• Major power steering issues conspire against Josh Caygill
• Brands GP finale doesn’t go to plan due to mechanical woes
• Yorkshire driver still highlights positives from BTCC experience
Dunlop MSA British Touring Car Championship racer Josh Caygill encountered a frustrating end to his first two events in the UK’s premier motor racing category at Brands Hatch Grand Prix Circuit over the weekend, 29th/30th September, where mechanical dramas impacted his potential.
Still getting to grips with the demands of the BTCC after a solid debut at Silverstone two weeks ago, the 29-year-old had limited practice time due to power steering issues which also affected qualifying and the races despite the best efforts of the AmD with Autoaid/RCIB Insurance Racing team.
Departing the Kent track with a best finish of 21st position in race two on Sunday, an improvement on his previous best of 23rd place from Silverstone, Holmfirth racer Caygill is now looking forward to the 2019 motorsport season and a potential full assault on the BTCC.
“It’s been a good taster of touring cars and I’ve enjoyed working with Shaun [Hollamby] and the boys at AmD”, said the SMUK and LSS Waste-backed driver, “Obviously, we’d love to be back in the BTCC for a full season next year and if we can put a package together it’ll definitely be a strong option as it’d be great to give it a proper go now we know what it’s all about.”
With the power steering problems in opening practice, Caygill ended the run with a best time of 1m35.860 seconds (91.38mph).
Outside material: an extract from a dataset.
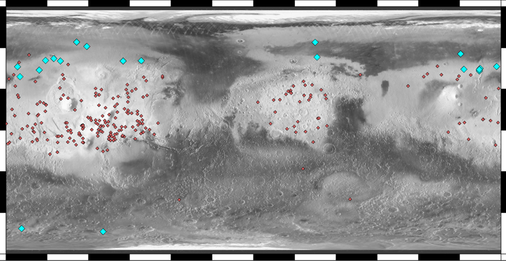 This map of Mars indicates locations of new craters that have excavated ice (blue) and those that have not (red). The underlying map is based on the brightness, or albedo, of the Martian surface. Most fresh craters are discovered in the brighter, dusty regions of Mars where dark blast patterns from the impacts can be seen.

Even though he lost close to half an hour in session two with a new steering pump being fitted to the car he improved to 1m35.165 seconds (92.04mph).
Ahead of qualifying, with problems persisting, a new steering rack was bolted into the MG6 which again meant he lost some of the session. Concluding the run with a best lap of 1m33.294 seconds (93.89mph), a significant step forward, he began round 28 on Sunday morning from 31st on the grid.
Managing to climb through into 26th place on the opening lap, avoiding a multi-car tangle at Druids, Caygill then took 25th position on lap three when Ethan Hammerton went wide at Clark Curve and at the start of lap five he grabbed 24th when Sam Smelt’s AmD Audi ran through the gravel at Paddock.
The recovering Hammerton moved back through on lap six and Caygill stayed with his rival as the laps counted down. Into the 11th tour, though, the Yorkshireman was nudged back to 26th position by Mike Bushell’s Volkswagen CC and with three laps to go Caygill was back to 27th as Smelt moved back through. On the 15th and final lap, though, he took 26th after an excursion for Hammerton.
Starting round 29 from 26th spot, the AmD driver maintained position on lap one before being shuffled back a couple of places on the second tour. Profiting from an incident ahead on lap four, he moved up into the top 25 and after a mid-race Safety Car period he held 24th place.
As a few drivers became embroiled in incidents, Caygill kept his forward momentum and over the last few laps he climbed through into 21st position where he ended the 17 lap encounter to mark a step forward from race one – despite continued car problems.
Unfortunately, round 30 at the end of the afternoon only lasted a handful of laps for the MG6 racer with power steering difficulties rearing their head once more. Fighting the car for the first three laps, at the end of the fourth tour Caygill opted to retire.
“I’m pleased in terms of what I’m doing behind the wheel, my input into everything, but it’s been a tough weekend with a fair few problems sadly”, he reflected, “In the races I was within around a second of Rory [Butcher – AmD team-mate] and considering we lost a lot of running time in free practice, and also factoring in his experience and quality, I was happy with that to be honest.
“Unfortunately, we had power steering problems throughout. They spoiled FP1 and so a new pump was fitted for FP2 which meant we lost the first 20 minutes of that session. As a knock-on, I didn’t get a new tyre run so we were a session behind going into qualifying and we missed the first five minutes there with the guys working hard to finish off fitting a new steering rack.”
Caygill added: “I did struggle with understeer in race one, but passed a few cars, although later on there was a problem with the gears – it was like it was missing a gear on the straights which cost a lot of time. In race two we were in the thick of it, it was going well and I was staying with the group ahead until the power steering woes came back. No matter how much effort I put in, you just couldn’t get the car turned. That continued for race three so, in the end, we just had to park it.”